There is a clear principle underlying
these cases. The parties to a contract
are bound only to what they both agree to and to nothing beyond that. If we shake hands on a deal, you do not
thereby agree to be bound by my “Conditions of Sale” which I later show
you. If you sign a document without
reading it, you agree to be bound only by what you might reasonably expect to
find there. If you shake my hand or sign
my document because you rely on something I have told you, you do not agree to
a contract which does not contain that assurance.
1.5 Inducing Breach of
Contract
When two people conclude an agreement,
the law protects their agreement against interference by others. Consider some examples.
Dragon Plastics manufacture plastic
pellets which their customers use to make a variety of plastic
commodities. They have a contract with
you to supply a hundred boxes of pellets every week. You use the pellets to make vinyl
tablecloths.
I also manufacture vinyl tablecloths
but I get my pellets from less reliable sources. I go to Dragon and say, “Forget about that
miserable contract of yours. I’ll take
your whole output at twice the price.”
If Dragon stops supplying you, you can
sue them for damages for breach of contract.
Moreover, you can also sue me for damages, because I have induced the
breach.
What if I did not know about any
agreement between the two of you? I
simply said to Dragon, “Forget about looking for the other orders. I’ll take
your whole output at twice whatever you are charging other customers.”
If this tempted Dragon to stop
supplying you, I have induced the breach, but I have not done so deliberately, and therefore you have no claim against me.
Now take a more difficult case.
Remarks made both by dragon and by you have led me to suspect that probably the
two of you have an agreement. I suspect,
but I do not know, but my suspicion is based on very good grounds. Nevertheless, I go to Dragon and invite them
to sell me their whole output.
In this case I did not know there was
an agreement, and therefore you cannot say that I induced the breach
deliberately. However, I was reckless,
and you can therefore claim damage from me.
But there may be light at the end of my
tunnel. If your contract can be
terminated on notice, I can say to Dragon with impunity, “Give notice. And then, when the notice period ends, sell
your whole stock to me.”
Now I am not persuading them to breach
your contract. On the contrary, I am persuading them to give notice which they
are fully entitled to give in terms of that very contract. You may feel aggrieved, but I will not have
to pay you damages for inducing any breach of contract.
1.6 Justifiable Breach of
Contract
You repair machines. I manufacture plastic bags. I am an excellent client of yours. We have a two-year agreement which requires
you to repair my machines promptly, and they are always breaking down. However, I am a slow payer and now owe you
eighteen thousand dollars.
Suddenly you get an urgent
phone-call. “Come immediately,” I say,
“two machines are down. I absolutely
must deliver a big order this week.”
You tactfully mention the eighteen
thousand dollars.
“We’ll talk about that later,” I say,
“come now or I loose the order and customer as well.”

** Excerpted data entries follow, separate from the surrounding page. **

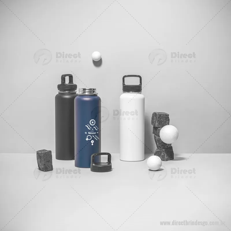 Garrafa em aço inoxidável (90% reciclado) com revestimento em pó e de grande capacidade até 1200 mL Garrafa esportiva em aço inox (90% reciclado) de parede dupla térmica, isolada a vácuo. Parede com revestimento em pó oferecendo mais durabilidade e resistência. Tampa com pega e um mosquetão que facilitam o transporte. Grande capacidade até 1.2 L. Fornecido em caixa presente de papel kraft. Certificação EU Food Grade. ø90 x 310 mm - - DRTGOGAT136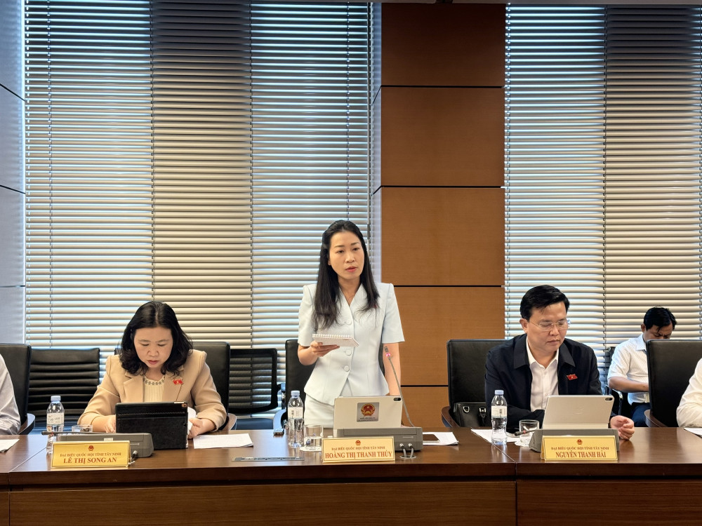 Góp ý đối với dự án Luật Thuế thu nhập cá nhân (sửa đổi), đại biểu Hoàng Thị Thanh Thúy - Phó Trưởng đoàn chuyên trách Đoàn ĐBQH tỉnh đề nghị xem xét lại việc sử dụng thuật ngữ “lợi tức cổ phần” tại điểm b khoản 3 Điều 3.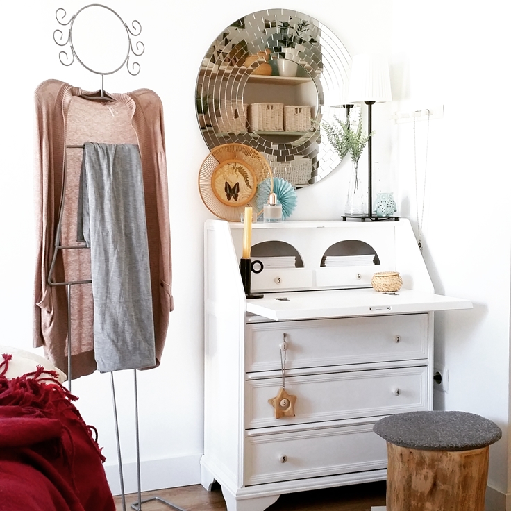 Ella, es muy manitas y le encanta pintar y restaurar muebles, por eso, en su casa, la mayoría de elementos decorativos han pasado por sus manos. Su ático, como veréis tiene 95m2 y tiene una terraza de 40 metros cuadrados, si si, habéis leido bien, 40 metros cuadrados!, es casi tan grande como un piso de los que os enseño normalmente. El ático de Marisa cuenta con un salón comedor, cocina, dos baños y tres habitaciones, las cuales ha adaptado una como despacho y otra como vestidor.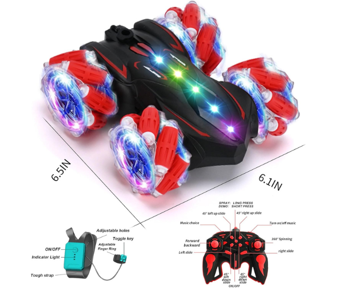 🤚 Hand Gesture & Remote Control Control the car with wristwatch gesture controller or 2.4G remote for easy, responsive fun. Supports multiple cars playing simultaneously.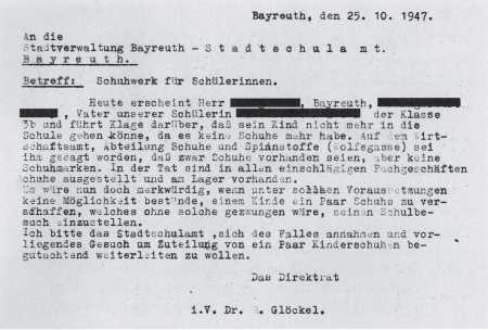 Antrag des Schulleiters Glöckel auf Zuteilung von Schuhen 1947
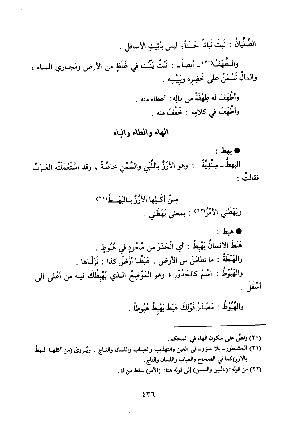 بهط البَهَطُّ - سِنْدِيَّةٌ - : وهو الأرُزُّ باللَّبَنِ والسَّمْنِ خاصَّةً ، وقد اسْتَعْمَلَتْه العَرَبُ فقالت : مِنْ أكْلِها الأرُزَّ بالبَهَطِّ وبَهَطَني الأمْرُ : بمعنى بَهَظَني . هبط هَبَطَ الإنسان يَهْبِطُ : أي انْحَدَرَ من صُعُودٍ في هُبُوطٍ . والهَبْطَةُ : ما تَطامَنَ من الأرض ، هَبَطْنا أرْضَ كذا : نَزَلْناها . والهَبُوْطُ : اسْمٌ كالحَدُوْرِ ، وهو المَوْضِعُ الذي يُهْبِطُكَ فيه من أعْلى إلى أسْفَلَ . والهُبُوْطُ : مَصْدَرُ قَوْلكَ هَبَطَ يَهْبِطُ هُبُوطاً .

Your voice takes on the tone of
leftover bean soup on a snowy winter’s night: “My eighteen thousand dollars.”
I try your competitors. They cannot come this month. I rush to my bank manager. She says that, what with my account being so
overdrawn, the most she can give me by way of unsecured loan is five
dollars. I phone you again, beg, plead, throw myself on your mercy, but your tone remains that of
the bean soup aforesaid.
So I loose both the order and the
customer and sue you for damages.
You have clearly breached our
agreement. You were obliged to repair my machines and you refused. Unless you have an excuse, you must
compensate me for my loss.
There is an excuse. By not paying, I also beached the agreement. Usually, I cannot make you perform you
obligations if I have not performed mine.

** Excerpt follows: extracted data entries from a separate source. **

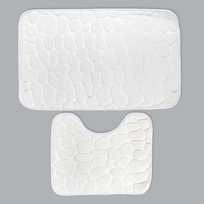 Набор ковриков для ванны и туалета Доляна «Галька», 2 шт: 39×50, 50×80 см, цвет белый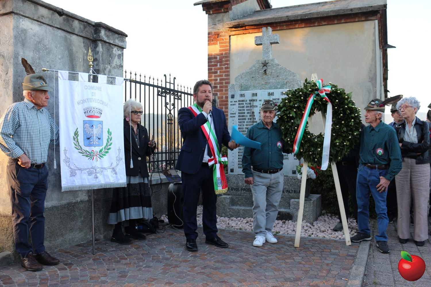 Conclusa la parte religiosa, i partecipanti si sono mossi in corteo per raggiungere il Monumento ai Caduti, posizionato fuori dal cimitero in alta collina, per il momento centrale e più sentito della manifestazione. Qui, alla presenza dei cittadini, della sottosezione degli Alpini di Montevecchia e dei rappresentanti del consiglio comunale, il sindaco Ivan Pendeggia ha dato il via a quello che ha definito un "percorso della memoria" attraverso cinque testi fondamentali.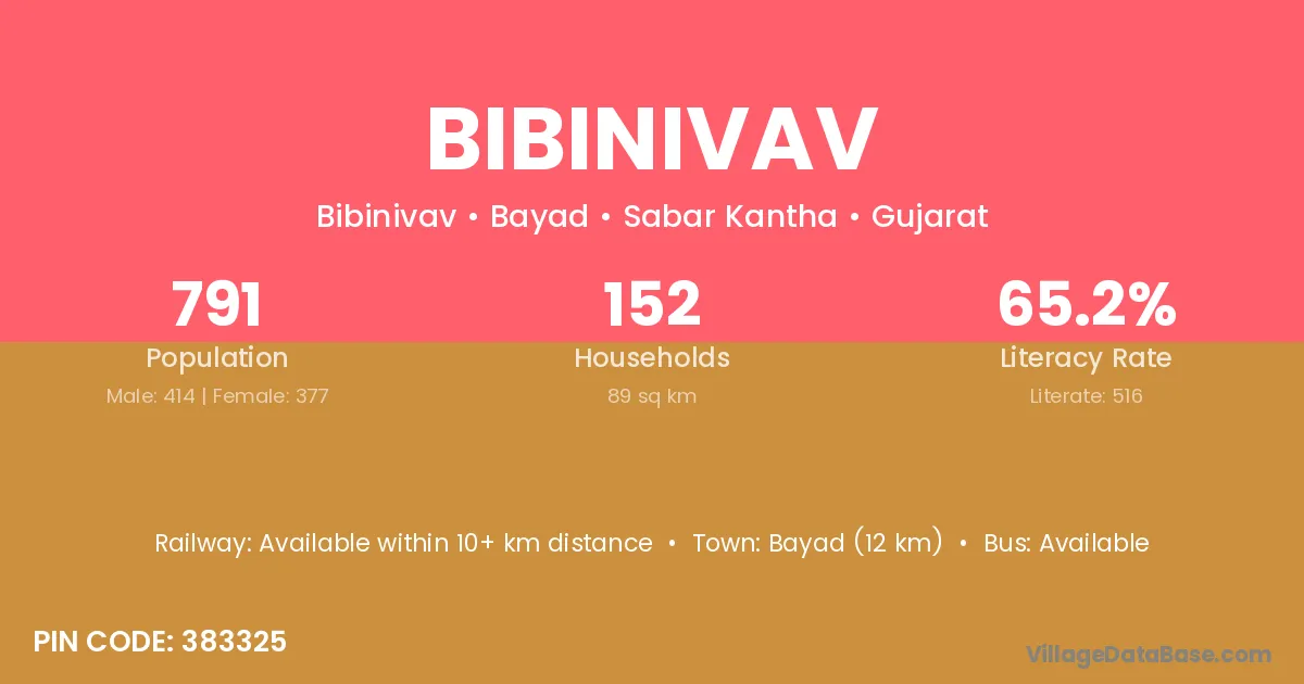 Bayad (12 km) is the nearest town to Bibinivav village for major economic activities and is located approximately 12 km away.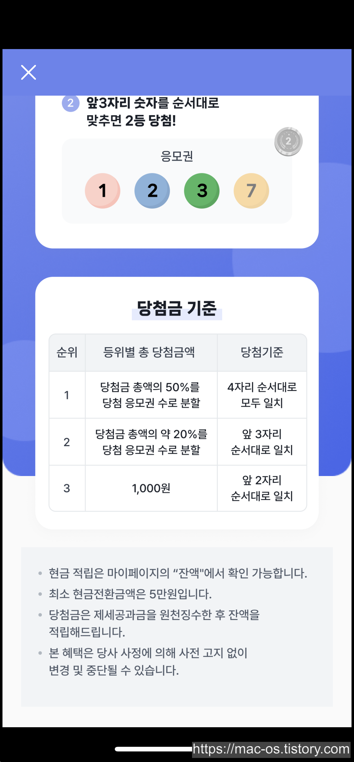 할인 정보를 5개 볼 때마다 코인이라는 것을 1개씩 준다. 그럼 할인 정보 15개를 보면 코인 3개를 준다는 거다. 코인 3개를 사용해서 로또에 응모할 수 있다.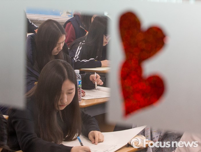 (서울=포커스뉴스) 10일 오전 서울 서대문구 명지고등학교에서 1학년 학생들이 2016학년도 첫 전국연합학력평가를 치고 있다.
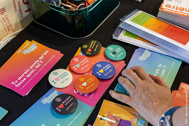 Violentomètres, plaquettes et flyers informatifs, guides de bonnes pratiques, mais aussi tote-bags, badges ou préservatifs, les équipes de la mission égalité diversité ont exposé au public ce vendredi le large panel de leurs ressources. Autant de matériel permettant l’ouverture au dialogue et la transmission d’informations ! Parmi les thématiques abordées : identité de genre, LGBT+phobies VSS, consentement, handicap, vaccinations, bizutage…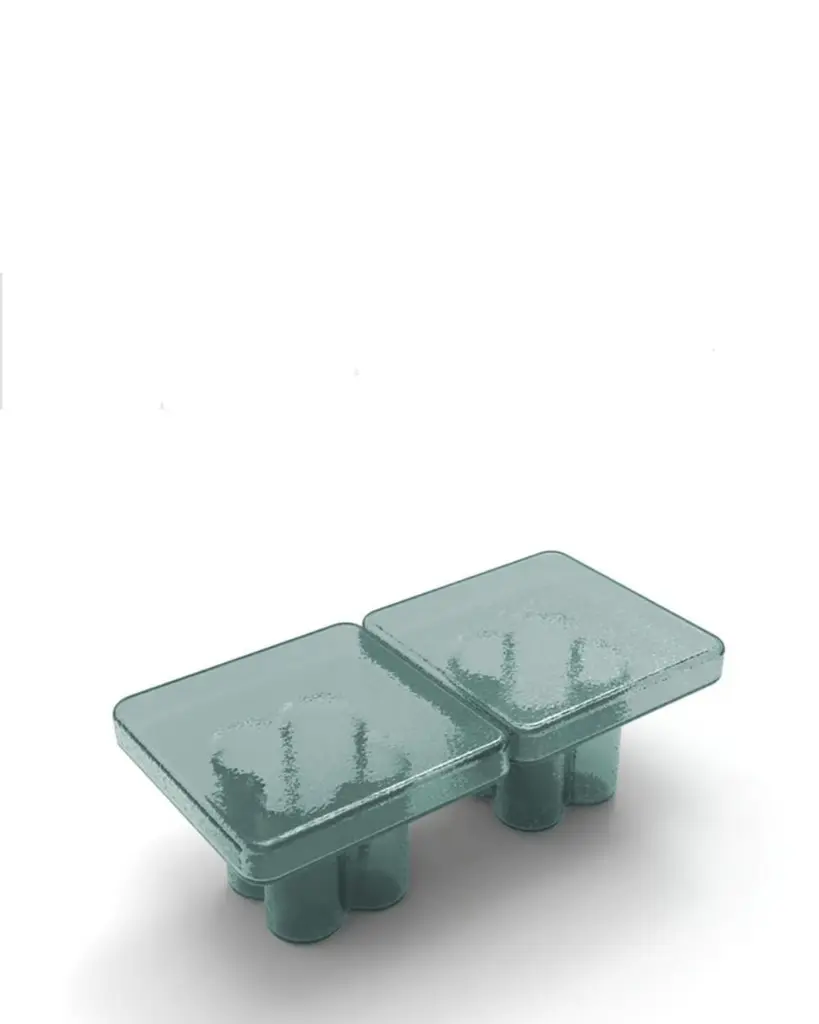 Soda Blown Murano Glass Set Of Two Square Coffee Table By Yiannis Ghikas

However, part of the essence of this agreement is that I rely on you for
urgent help. I should not be forced to
find eighteen thousand dollars, suddenly and without warning, when my need for
that help arises.
So the question is, why did you not
give me adequate warning before the emergency? You could have said, long ago, “ Pay me, or I work no more.” But if you allowed my indebtedness to
increase over several months, while sending accounts without insisting on
payment, a court will not look favourably on your
sudden action in my time of need.
1.7 An Agreement not to Compete
It often happens that two parties,
when entering into a relationship with each other, will agree that one of them
is not to compete against the other.
Clauses such as this are often needed, for example, in partnership
agreements, shareholders' agreements, agreements between businesses to
co-operate in some aspects of their operations, employment agreements, agreements to use the services of an independent contractor,
and so on.
If its terms are too vague, or if the
restriction is too wide, a court might declare it to be invalid. If it contains an ambiguity, a court is likely
to interpret it in such a way as to make the restriction as small as
possible. Therefore, an agreement not to
compete must be drafted very carefully.
A good introduction to this area of
the law is by way of analysing a simple clause in
which a person agrees not to compete. Consider this clause: "Mr. X agrees that he will not make
contact with any client, previously unknown to him, other than in the
normal performance of his duties under this agreement."
Consider the situation
where a company called “the American Corporation” says that a corporation
called “PQR” is one of its clients doing business with it.
The general principle is
clear. If the American Corporation can
prove that PQR is its “client” and that PQR was not “previously known to Mr.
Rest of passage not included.